«Было удовольствие в поедании клубники, прежде чем они стали совсем обычными — в первом блюде горошка, пока они были еще дорогими — иметь их на приятный ужин, угощение. Какое угощение мы можем иметь сейчас? Если бы мы угощали себя сейчас — то есть, иметь деликатесы немного выше наших средств, это было бы эгоистично и порочно. Это очень мало больше, что мы позволяем себе сверх того, что могут получить фактические бедняки, что делает то, что я называю угощением — когда два человека, живущие вместе, как мы делали, время от времени балуют себя дешевой роскошью, которая нравится обоим; в то время как каждый извиняется и готов взять обе половины вины на свою долю. Я не вижу вреда в том, чтобы люди делали много из себя в этом смысле слова. Это может дать им намек, как делать много из других. Но теперь — что я имею в виду под этим словом — мы никогда не делаем много из себя. Никто, кроме бедных, не может этого сделать. Я не имею в виду самых бедных из всех, но людей, как мы, чуть выше бедности».
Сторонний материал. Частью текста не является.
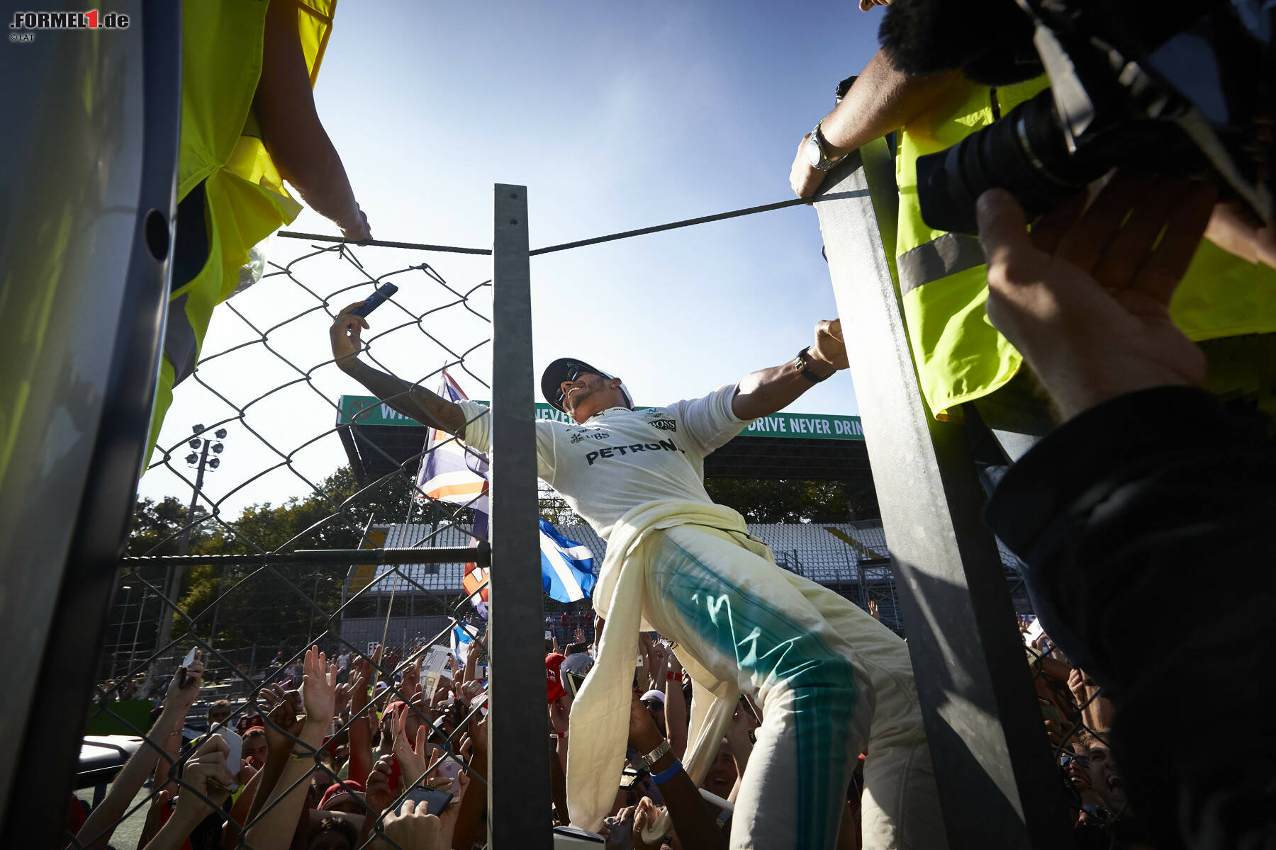 "Mercedes-Power ist besser als Ferrari-Power", provoziert Sieger Lewis Hamilton die ihn ausbuhenden Tifosi. Aber er versteht die Leidenschaft der Ferrari-Fans und respektiert diese. Das bekommt er zurück: Beim Bad in der Menge wird der Mercedes-Star frenetisch gefeiert. Auch von den Ferrari-Anhängern.

«Я знаю, что ты собирался сказать, что это очень приятно в конце года сводить концы с концами — и много хлопот у нас было каждую Тридцать первую Ночь декабря, чтобы отчитаться за наши превышения — много длинных лиц ты делал над своими запутанными счетами, и придумывая, как это вышло, что мы потратили так много — или что мы не потратили так много — или что невозможно, чтобы мы потратили так много в следующем году — и все же мы находили, что наш скудный капитал уменьшается — но тогда, между путями, и проектами, и компромиссами того или иного рода, и разговорами о сокращении этого расхода, и обхождении без того в будущем — и надеждой, которую приносит юность, и смеющимися духами (в которых ты никогда не был беден до сих пор) мы клали в карман наш убыток, и в заключение, с «крепкими бокалами» (как ты привык цитировать это из сердечного веселого мистера Коттона, как ты называл его), мы привыкли приветствовать «приходящего гостя». Теперь у нас нет никакого расчета вообще в конце старого года — никаких лестных обещаний о том, что новый год сделает лучше для нас».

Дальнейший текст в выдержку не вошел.